++++ ENTRIES PROVIDED ++++

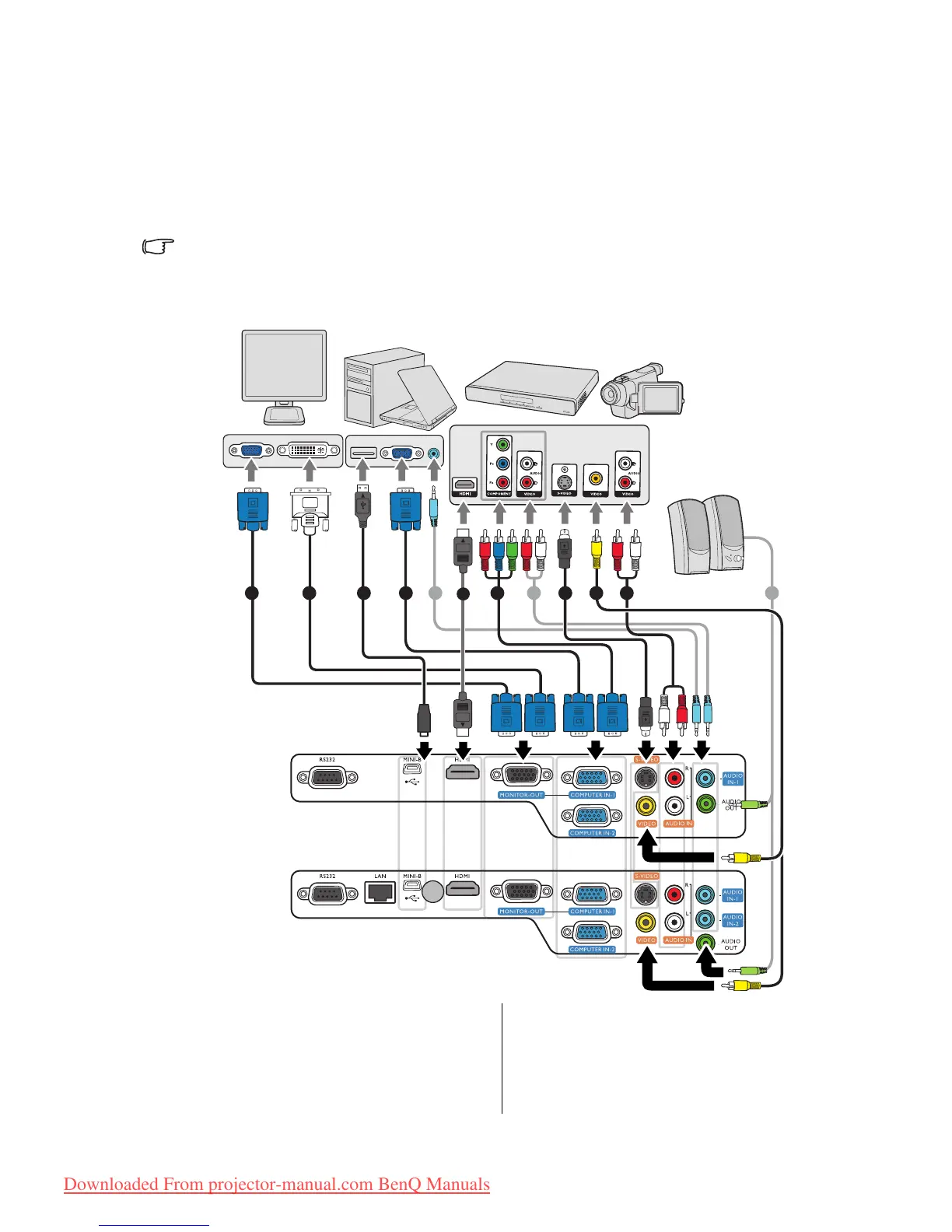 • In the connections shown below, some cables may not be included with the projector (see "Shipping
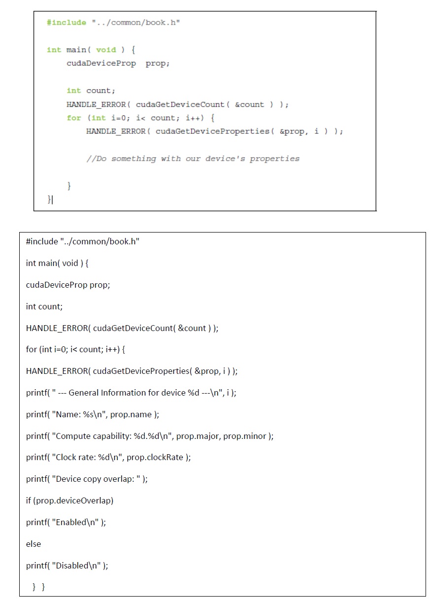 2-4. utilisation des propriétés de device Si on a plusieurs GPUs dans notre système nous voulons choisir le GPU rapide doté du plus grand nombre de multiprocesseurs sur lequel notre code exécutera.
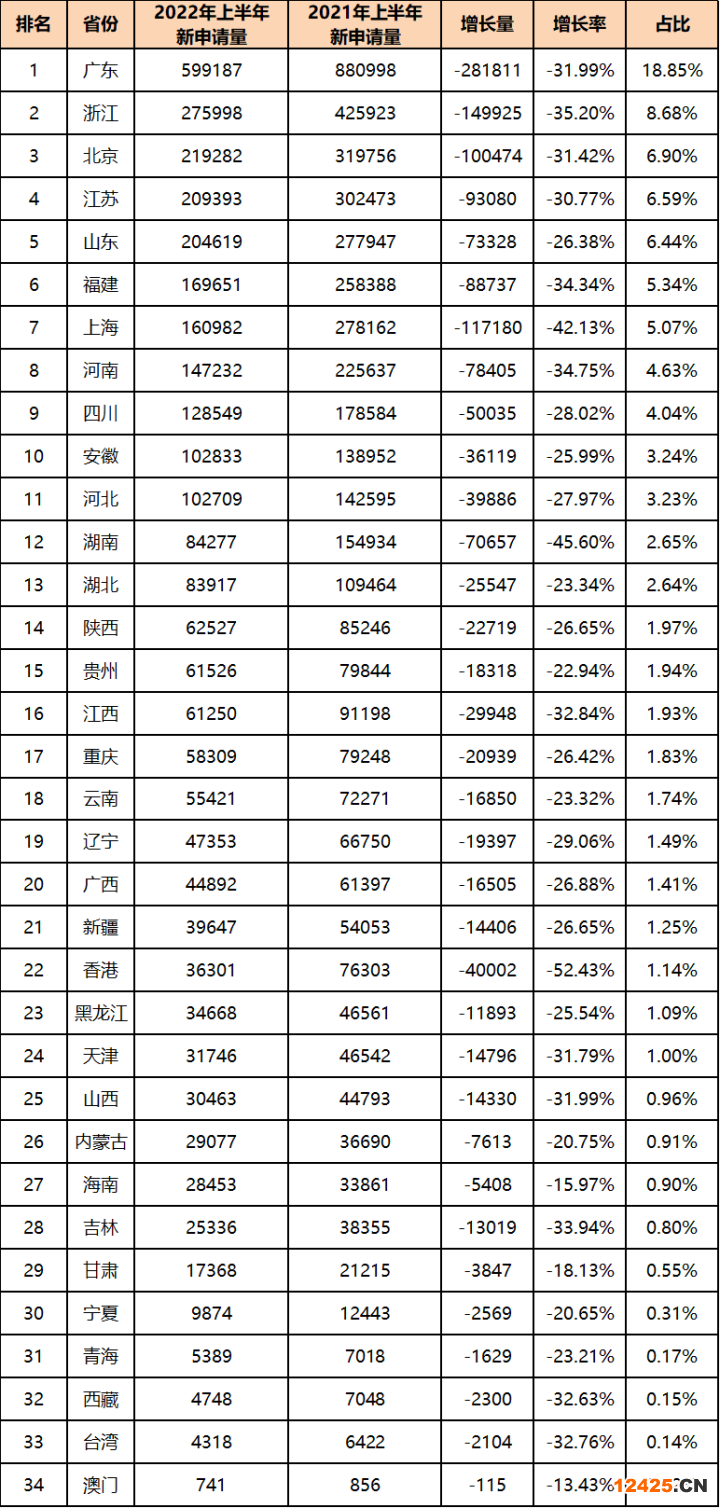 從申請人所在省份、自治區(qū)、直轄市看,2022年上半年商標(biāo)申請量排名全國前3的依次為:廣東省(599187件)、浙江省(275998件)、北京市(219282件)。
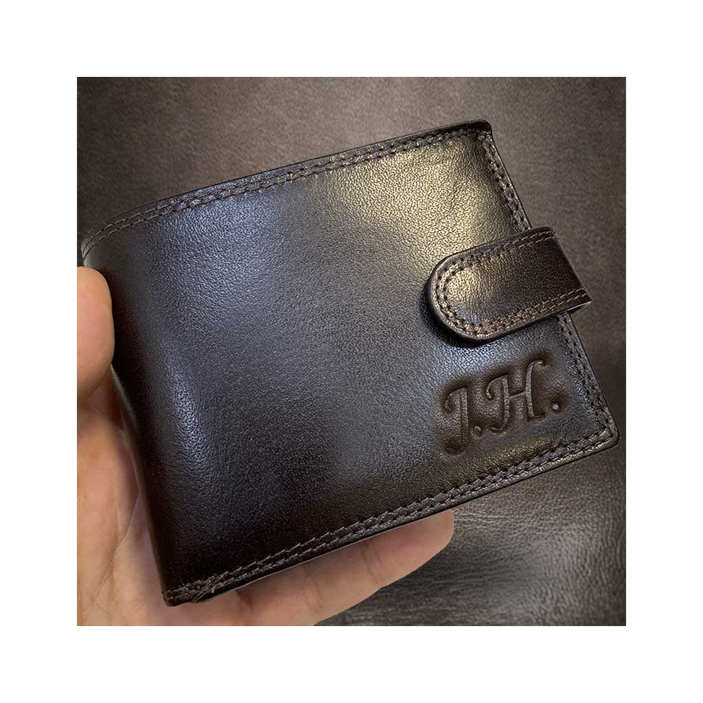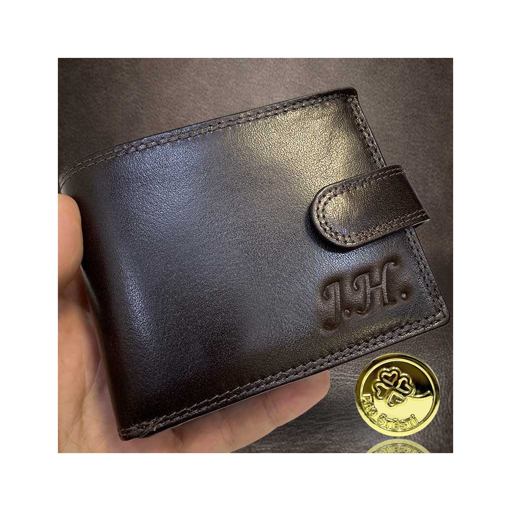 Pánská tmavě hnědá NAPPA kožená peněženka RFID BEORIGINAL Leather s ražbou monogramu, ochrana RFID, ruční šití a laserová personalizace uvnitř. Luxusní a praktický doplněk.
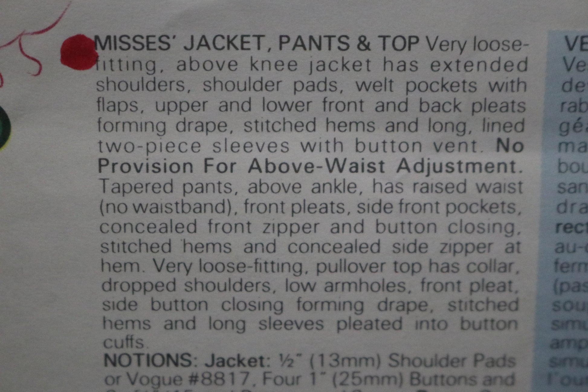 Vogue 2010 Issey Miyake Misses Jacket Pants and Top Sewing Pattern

++++

ASSIGNMENT: Without the pictures, restate each entry exactly.

EXERCISE ANSWER:
 • In the connections shown below, some cables may not be included with the projector (see "Shipping
 2-4. utilisation des propriétés de device Si on a plusieurs GPUs dans notre système nous voulons choisir le GPU rapide doté du plus grand nombre de multiprocesseurs sur lequel notre code exécutera.
 從申請人所在省份、自治區(qū)、直轄市看,2022年上半年商標(biāo)申請量排名全國前3的依次為:廣東省(599187件)、浙江省(275998件)、北京市(219282件)。
 Pánská tmavě hnědá NAPPA kožená peněženka RFID BEORIGINAL Leather s ražbou monogramu, ochrana RFID, ruční šití a laserová personalizace uvnitř. Luxusní a praktický doplněk.
 Vogue 2010 Issey Miyake Misses Jacket Pants and Top Sewing Pattern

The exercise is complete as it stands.